The story is about a group “girls” wearing trouser and engaging in a spot of “rough-housing” with the kind of spanking that follows male adolescent dreams about what what “girls’ get up to on sleepovers after the pillow fights end. One of the girls then get dressed – trousers (yes), vest (check) and… D’oh! The “silly” thing’s forgotten to put a shirt on.
Girls in trousers has long been edgy stuff. In March 1942, Beverley Bernstein, 16, was sent home for her Brooklyn NYC school for wearing trousers. A protest ensued. As war raged, readers were invited to consider the burning question: “Should high school girls, particularly students of Abraham Lincoln High School on Ocean Parkway… be permitted to wear slacks to class?” (You can read the full story of that protest here.)

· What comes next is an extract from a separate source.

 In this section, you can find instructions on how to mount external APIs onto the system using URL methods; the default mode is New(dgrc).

In 1971, Diana Crawshaw – who designed for such boutiques as Mr Freedom and Paradise Garage – wore a pair of ‘Bum Cleavage Trousers‘, which covered the legs not to the buttocks.
Lest you suppose men had it easy, during the height of the summer of 1929 after the Daily Mail newspaper has complained about the possibility of women tennis players not wearing stockings at Wimbledon, a London newspaper published a photograph of the renowned radiologist Dr Alfred Charles Jordan cycling to his office in Bloomsbury wearing shorts with his jacket.

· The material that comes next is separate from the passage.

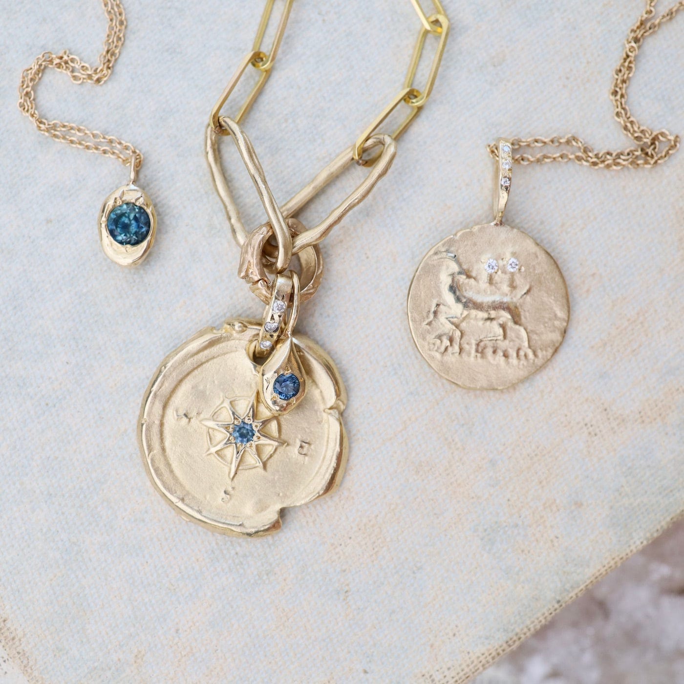 14k Yellow Gold Compass & Paperclip Necklace with Montana Sapphire

An article in the tailoring magazine Tailor and Cutter thought the wearing of such attire was close to the end of civilisation:
If laces are unfastened, ties loosened and buttons banished, the whole structure of modern dress will come undone; it is not so wild as it sounds to say that society will also fall to pieces … Such restraints were not noxious: they were the foundation upon which civilisation rested and protected men from savagery and decadence.

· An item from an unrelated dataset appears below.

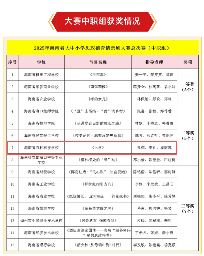 ??2025年海南省大中小学思政德育情景剧大赛总决赛于11月9日落下帷幕。我校师生代表队携原创剧目《入学》征战中职组赛场,在全省多支参赛队伍的激烈角逐中脱颖而出,以真挚动人的舞台演绎荣获二等奖,为学校思政教育工作再添亮眼成绩。?

Back in Vanity Fair’s feature spread, the sapphic message seemed clear, but there is a man in the story and we get to meet Jeff (“He’s cool”.) That’s him in the middle of ten women (above) being pampered, rubbed and grinning like the Cheshire cat.
Dian Hansen, who wrote the History of Men’s Magazines (“a euphemism for sex magazine”) believes this issue of Vanity Fair was the foundation of American girlie mags:
While France had a well-established men’s magazine industry by 1900, America was just showing its ankles in 1903. A magazine called Vanity Fair (unrelated to the current incarnation) was the raciest thing around, and rooming house loozies the hotties of the time. In this New York, tabloid girls who drank like men might strip down to their petticoats and fall into bed together, exposing their corset cover and stockings to peeping male boarders. The famously loose morals of stage actresses made them popular subjects for these shenanigans, but the biggest thrill of all was bifurcation. “What?” one may well ask. Bifurcation, meaning “split in two”, referred to the contours of a woman’s legs revealed by her donning men’s trousers. Bifurcation was a regular and very popular feature in Vanity Fair, it’s popularity leading to Vanity Fair’s Bifurcated Girls.